What Ancient Texts Can Teach Us About Technological Change
A study session with some Orthodox rabbis results in a few surprising insights about technology -- and how to be a better thinker in general

Recently I had an opportunity, thanks to Rabbi Mark Gottlieb and the smart and generous people at the Tikvah Fund, to speak with a group of Orthodox rabbis about religious reading. In the process I, surprisingly enough, learned something quite interesting about how to think about technology.
The other visitor to the group was the wise and learned Michael Fishbane of the University of Chicago, so I was the only Gentile in the room and the only person who couldn't read or speak Hebrew. Each of the sessions shifted rapidly back and forth between Hebrew and English, which meant that I would often have been utterly lost -- in sessions I wasn't leading -- had it not been for the kindness of those sitting around me, who would whisper translations of key terms or point me to online translations of the relevant Talmudic passages. Thanks to that assistance, I was able to follow the arguments fairly closely. Those were enlightening sessions indeed.
Near the end of the conference, Rabbi Jacob Schacter of Yeshiva University -- who had taught many of the men in the room and was affectionately called "Rebbe" -- led a session offering some Jewish reflections on the age of the internet. Though the men gathered for this conference were modern Orthodox, not the Haredim whom the media usually call "ultra-Orthodox," I immediately thought of the recent ultra-Orthodox rally in New York that focused on the dangers of the Internet. But Rabbi Schacter pursued these issues in a surprising and, to me, enlightening way.
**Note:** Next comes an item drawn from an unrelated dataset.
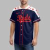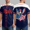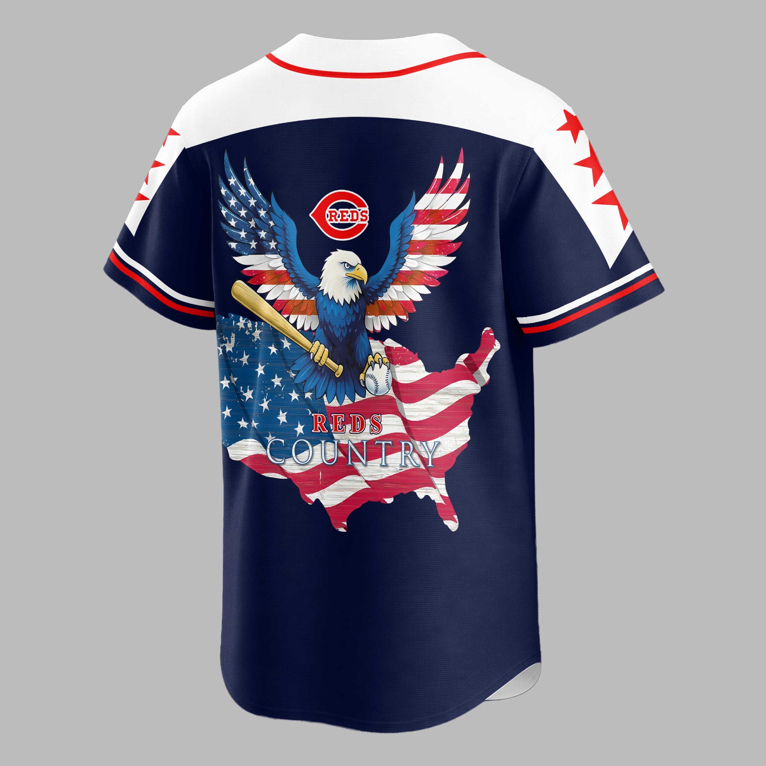 Unleash your ultimate Reds spirit with this dynamic patriotic baseball jersey! Perfect for dedicated fans, this shirt brilliantly merges your love for the Cincinnati Reds with a powerful display of American pride. It’s more than just game day attire; it’s a bold statement of loyalty and patriotism, ready to make you stand out in any crowd. The front proudly displays Reds in a classic script font, accented by vibrant red stars across the shoulders and crisp white stripes on the sleeves. Turn around, and the back reveals a majestic bald eagle with wings spread wide, crafted from the stars and stripes of the American flag. This impressive eagle soars above a map of the USA, also adorned with a distressed flag design, declaring Reds Country for all to see. This spirited jersey is an absolute must-have for cheering on the Reds at the ballpark, celebrating national holidays like the Fourth of July, or simply showing your team and country pride every day. Wear it to tailgates, family barbecues, or any event where you want to unite your passion for baseball with your American spirit!

Professor Fishbane and I had prepared some brief handouts to guide the participants in our sessions, but Rabbi Schacter had a rather more ambitious plan. After recommending Clay Shirky's recent books Here Comes Everybody and Cognitive Surplus -- he was speaking my language then -- he plopped before each of us a three-ring binder filled with photocopies of passages from a wide variety of rabbinical texts, most of them dealing with the proper preparation of a divorce decree, known as a get. (Anyone who has seen the movie A Serious Man will be familiar with the complexities of the get.)
This seemed a strange way to proceed, but I soon saw the sense of it, because traditionally a get had to be written by a sofer (scribe) according to a very strict protocol -- and with the rise of the printing press in the sixteenth century, debates ensued among rabbis about whether a printed get could ever be legitimate. This led in turn to a fascinatingly complex debate, chiefly focused on the Taz, a name that refers both to a book (the Turel Zahav) and its author (David HaLevi Segal, a seventeenth-century Polish rabbi). The Taz is itself a commentary on the Shulchan Aruch, written a century earlier in Safed by Rabbi Yosef Karo.
Rabbi Schacter took us on a virtuosic whirlwind tour of these texts, demonstrating that Karo, the Taz, and their successors became consumed by the question of what we might call the conditions of technological possibility. Why was there no printing press in the time of the Patriarchs, or of the sages of the Mishnah? Were these not great and wise men -- men who talked with God! -- who could have invented the printing press had they thought it appropriate to do so, or had God so instructed them? And was not their failure to do so an indication that the printing press is to be shunned? Some thought so, but others replied, no, not at all: The fact that these men were great sages who knew God did not mean that they could overleap the state of their own age. Technology develops incrementally in any given culture, and even the wisest men of God have no power to escape those conditions. Technological history and sacred history connect, and sometimes overlap, but are essentially distinct.
To open up this history of debate was Rabbi Schacter's chief purpose. He wasn't telling his fellow rabbis what to think about recent technological developments: he was teaching them how to think about such matters. The implicit argument of his presentation was simply that if Jewish leaders today are going to cope wisely with contemporary technological challenges and opportunities, they will need to think as seriously and as faithfully as their ancestors did about the printing press.
So the session was not concerned to answer particular questions but to provide intellectual equipment, and the distinctive kind of intellectual equipment that can be gained by taking your own tradition very seriously -- but not by believing that the answers our ancestors gave to the questions facing them can be directly imported to answer the very different questions facing us. Rather, Rabbi Schacter seemed to be saying, by entering into the conversation with those we admire from the past, we can practice the habits of mind we need in order to be discerning users of technology today. And that, it seems to me, is a lesson all of us could benefit from.